In particular, according to the second aspect of the present invention, the primary coil of the current transformer is connected in series with the secondary winding and the secondary load of the instrument transformer. When the overcurrent suppression impedance is connected to the secondary side, the overcurrent suppression impedance and the secondary winding of the instrument transformer can be insulated by the current transformer, so that there is an advantage that reliability can be improved. .

According to the second aspect of the present invention, the current flowing through the overcurrent suppression impedance can be adjusted to an appropriate value by changing the current transformer ratio of the current transformer, so that the overcurrent suppression impedance is standardized. be able to.

According to the third aspect of the present invention, assuming that the current transformation ratio is n, the current flowing in the overcurrent suppression impedance is 1 / n of the current flowing in the secondary winding, so that the The heat generated by the suppression impedance can be reduced, the impedance can be reduced, and the entire device can be reduced in size.

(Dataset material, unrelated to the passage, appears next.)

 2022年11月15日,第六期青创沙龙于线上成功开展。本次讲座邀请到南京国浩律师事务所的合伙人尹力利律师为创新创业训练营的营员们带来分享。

[Brief description of the drawings]

FIG. 1 is a circuit diagram showing an embodiment of the present invention.

FIG. 2 is a circuit diagram showing another embodiment of the present invention.

FIGS. 3A and 3B are circuit diagrams each showing a configuration example in which an overcurrent suppression impedance used in the present invention is different.

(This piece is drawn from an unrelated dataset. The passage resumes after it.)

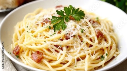 spaghetti, pasta, food, dish, meal, cookery, garnish, cheese, bacon, herb, dining, eatery, plate, culinary, delicious, comfort, italian, fresh, cooking, receipe, eat, nourishment, ingredient, favor, epicure, homemade, savoury, arrangement, side dish, beautiful, bowl, lunch, dinner, elegant, tasty, presentation, warm, traditional, aromatic, bistro, italian cuisine, culinary arts, appetising, wholesome, food photography

FIG. 4 is a diagram showing an example of characteristics of a temperature-sensitive resistance element suitable for use in an embodiment of the present invention.

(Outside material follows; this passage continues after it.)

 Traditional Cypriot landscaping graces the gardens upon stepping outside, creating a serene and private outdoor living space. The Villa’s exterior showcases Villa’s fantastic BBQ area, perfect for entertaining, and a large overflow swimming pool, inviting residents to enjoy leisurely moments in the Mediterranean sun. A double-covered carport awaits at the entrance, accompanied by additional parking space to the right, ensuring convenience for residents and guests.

FIG. 5 is a circuit diagram showing a conventional instrument transformer.

[Explanation of symbols]

 VT instrument transformer 1 Primary winding 2 Secondary winding 4 Secondary burden 5 Overcurrent suppression impedance 6 Current transformer 6a Primary coil 6b Secondary coil

──────────────────────────────────────────────────続 き Continued on the front page (58) Field surveyed (Int.Cl. ⁶ , DB name) H01F 38/24 H01C 7/02

Claims (3)

(57) [Claims] 1. An instrument transformer having a primary winding and a secondary winding connected to a secondary load , wherein when a current flowing through the secondary winding is equal to or less than a rated value, a small resistance value is exhibited. When the current flowing through the secondary winding exceeds a set value larger than a rated value, an overcurrent suppression impedance having a characteristic that a resistance value sharply rises due to a temperature rise is provided between the secondary winding and the secondary load. A transformer for an instrument, which is connected in series with the transformer. 2. An instrument transformer having a primary winding and a secondary winding connected to a secondary load , wherein a primary coil of a current transformer is connected to the secondary winding and the secondary load . Connected in series with each other, and when a current induced on the secondary side of the current transformer is applied when the current flowing through the secondary winding is equal to or less than a rated value, the secondary winding has a small resistance value. When the current flowing through the wire exceeds a set value larger than the rated value, the current
An overcurrent suppression impedance having a characteristic that a resistance value sharply rises due to a temperature rise due to energization when a current to be induced on the secondary side is applied, is connected to both ends of a secondary coil of the current transformer. vessel. 3. The overcurrent suppression impedance according to claim 1, wherein a plurality of parallel resistors configured by connecting a temperature-sensitive resistance element and a fixed resistance element in parallel are connected in series. An instrument transformer as described.